Introversion and Extraversion

I’m gonna do something here that I don’t often do, and (in my lifestyle of filling myself with sugar and caffeine and definitely not drinking enough water) I kind of have little right to. Imma give some self-care advice. Now I know what you’re thinking, “oh boy, here he comes preaching about how we should love ourselves and not shave our legs for society and prepare ourselves for the approach of the robot overlords”. While these are things I believe, it’s not my message today, it’s about looking at one of the most fundamental psychological principles which affects us all in our lives, introversion and extraversion.

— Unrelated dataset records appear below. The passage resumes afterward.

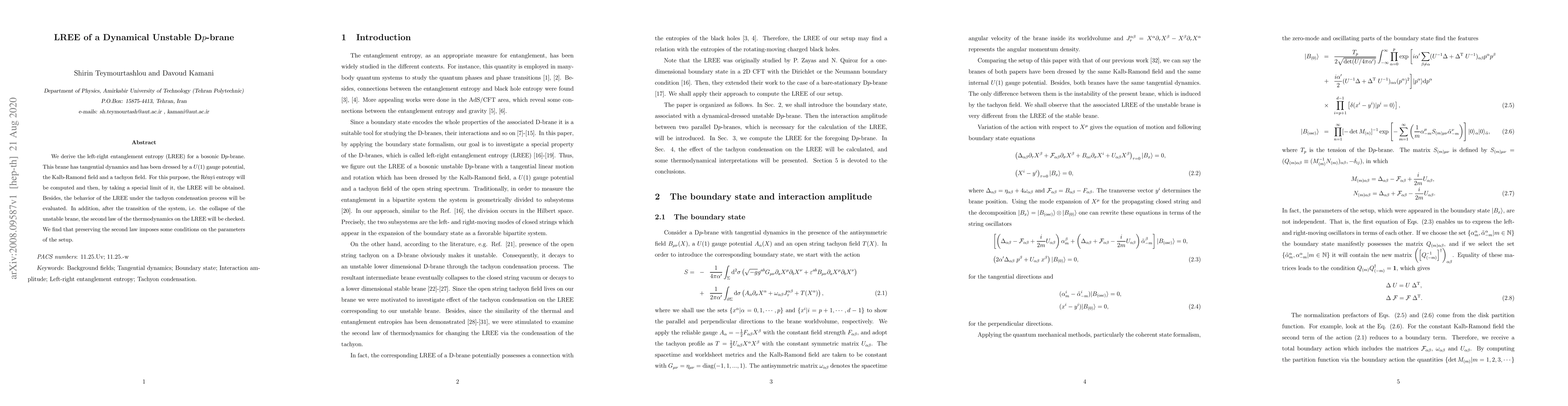 Researchers derived a formula for left-right entanglement entropy of a dynamic unstable Dp-brane, exploring its behavior under conditions like tachyon condensation and thermodynamic constraints.
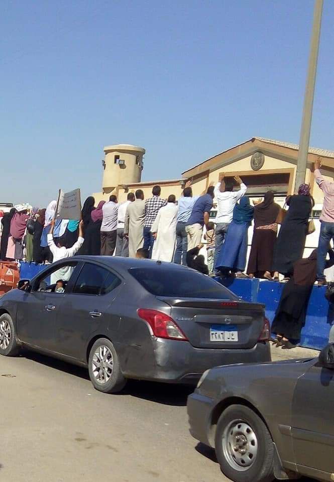 تداول نشطاء على مواقع التواصل الاجتماعي صور تظهر أهالي المعتقلين بسجن طرة على ذمة القضية 123وهم يعتلون السور أمام سجن طرة لرؤية ذويهم.
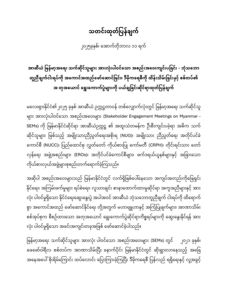 ၁။ စစ်တပ်၏ အတုအယောင် ရွေးကောက်ပွဲများကို ငြင်းပယ်ခြင်း – သက်ဆိုင်သူများအနေဖြင့် စစ် အုပ်စု စီစဉ်ထားသော ရွေးကောက်ပွဲသည် ဒီမိုကရေစီ ပြုပြင်ပြောင်းလဲမှုအရေခြုံကာ စစ်အုပ်ချုပ်ရေး ကို ခိုင်မာစေရန် ပုံဖော်ရေးဆွဲထားမှုအဖြစ်သတ်မှတ်ပြီး တညီတညွတ်တည်း ရှုတ်ချလိုက်သည်။ ဤ ရွေးကောက်ပွဲများသည် အကြမ်းဖက်မှုများ ရပ်စဲရေး၊ အားလုံးပါဝင်မှုရှိသော နိုင်ငံရေးဆွေးနွေးမှုပေါ် ပေါက်ရေးနှင့် လိုအပ်နေသူအားလုံးအတွက် အဟန့်အတားမရှိ လူသားချင်း စာနာထောက်ထားမှု အကူ အညီများပေးအပ်နိုင်ရေးတို့အားဦးစားပေးသည့် အာဆီယံ ဘုံသဘောတူညီချက်ငါးရပ်ကို တိုက်ရိုက် ဖီ လာဆန့်ကျင်နေသည်။ လက်ရှိ ဖြစ်ပွားနေသော အကြမ်းဖက်မှုများ၊ အကူအညီများကို ငြင်းပယ်ခြင်း နှင့် အဓိက သက်ဆိုင်သူများကို ချန်လှပ်ထားခြင်းတို့ကြားတွင် တစ်ဖက်သတ် ရွေးကောက်ပွဲများ ဆက် လက် ကျင်းပြခြင်းသည် တရားမဝင်သလို၊ အာဆီယံ၏ လုပ်ပိုင်ခွင့်နှင့် ယုံကြည်စိတ်ချရမှုကို တိုက် ရိုက်ထိပါးခြင်းလည်း ဖြစ်သည်။ စစ်အုပ်စုမှ ဘုံသဘောတူညီချက်ငါးရပ်ကို အတိအလင်းချိုးဖောက် နေစဉ် ၎င်းတို့ အာဏာနှင့် လမ်းပြမြေပုံကို တရားဝင်စေရေးအာဆီယံကို ကြိုးကိုင်ခြယ်လှယ်ရန် ကြိုး ပမ်းမှုများကို သက်ဆိုင်သူအားလုံးသည် စည်းလုံးညီညွတ်စွာ ငြင်းပယ်ကြောင်း။

Since this is a topic that hits close to home with stuff I’ve been dealing with, I’ll preface this with something I learned quite recently, you can’t assume which you are based on certain lifestyle choices. To slightly better describe what I mean, I’ll give a couple examples. Myself, I read comics, play lots of Pokemon (both video game and card game), play board games, and enjoy writing. All aspects of an introvert. I, however, am extraverted, I thrive on being surrounded by my friends, and spending time in some social situations. The reason I’m not great in all situations, is I can get quite shy, a quality that has a different stemming point from introversion. My partner is a nurse, so has loads of patient interaction; attends choir with other people; attends church when she gets chance; and has regular meetups with friends from work or university. Once again, extraverted qualities, but belonging to an introvert in this case. Lifestyle doesn’t make this choice for us. All through high school, because I didn’t really share this hobbies with anyone, I assumed I was an introvert, so chose to spend more time by myself, thinking I would feel refreshed and happy with myself. Only recently have I discovered how wrong I was, and how big an impact it had had on my life, and how I felt about myself.

introvert lobster

As much as we can’t assume how our own lives are affected by this, we also can’t make assumptions about how others will act depending on which category they fall in to. Let’s put it to sleep now that all introverts shut themselves in their room all day and are shy and reserved, and that all extroverts never shut up and are show-offs who want all the attention from everyone all the time. Some of the best authors were introverts, able to produce some of the greatest pieces of literature and art the world has seen, and presented it to the world, so they could enjoy it. I can’t think of any famous examples, but I’m a very reserved and private person, not many people know everything about me, or can tell how I’m really feeling a lot of the time, and I’m very happy with the spotlight off of me. Labels don’t describe everything about us.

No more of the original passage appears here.